Frailty may be a risk marker for adverse outcome in patients with congestive heart failure.

作者信息

Yamada Sumio, Kamiya Kuniyasu, Kono Yuji

机构信息

Department of Rehabilitation Science, Nagoya University Graduate School of Medicine, Nagoya, Japan.
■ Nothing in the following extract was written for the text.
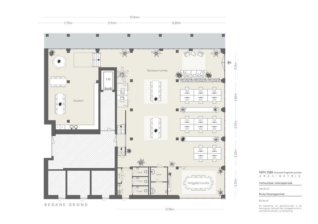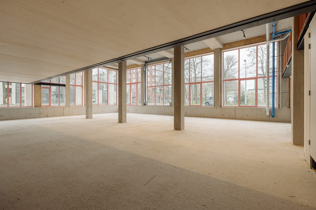 De commerciële plint, waar deze unit onderdeel van is, is ontworpen met hoge plafonds, royale vides en grote raampartijen die zorgen voor veel daglicht en een open, loftachtige sfeer. Het casco karakter biedt ruimte voor maatwerk, terwijl de basisarchitectuur al een sterke identiteit meegeeft. Materialisatie en detaillering sluiten aan bij een industriële, eigentijdse esthetiek met een duurzame inslag, kenmerkend voor de ontwikkeling en de wijk als geheel.

Program in Physical and Occupational Therapy, Nagoya University Graduate School of Medicine, Nagoya, Japan.

出版信息

ESC Heart Fail. 2015 Sep;2(3):168-170. doi: 10.1002/ehf2.12052. Epub 2015 Jul 28.

Abstract

AIMS

To examine the availability of frailty concept with objective criteria for risk stratification in patients with congestive heart failure (CHF).

METHODS AND RESULTS

Study design was secondary analysis of our CHF cohort. We selected 181 patients who completed clinical assessments and were successfully followed 2-year post discharge. To set frailty criteria, grip strength <26 kg in men and <17 kg in women (weakness) and performance measure for activities of daily living-8 ≧21 points (exhaustion) were defined for predicting 6 min walking distance <300 m (slowness) by the receiver-operating characteristics. During 2 years of follow up, subjects who met all the criteria had a 4 times greater risk of cardiac event compared with those with no frailty criteria.

CONCLUSION

The findings of present study suggest that frailty criteria may serve as a new clinical marker for management of patients with CHF.

摘要

目的

探讨虚弱概念结合客观标准用于充血性心力衰竭(CHF)患者风险分层的可行性。

方法与结果

研究设计为对我们的CHF队列进行二次分析。我们选取了181例完成临床评估且出院后成功随访2年的患者。为设定虚弱标准,通过受试者工作特征曲线,将男性握力<26千克、女性握力<17千克(虚弱)以及日常生活活动能力量表-8得分≧21分(疲惫)定义为预测6分钟步行距离<300米(迟缓)的指标。在2年的随访期间,符合所有标准的受试者发生心脏事件的风险是无虚弱标准受试者的4倍。

结论

本研究结果表明,虚弱标准可能作为CHF患者管理的一种新的临床标志物。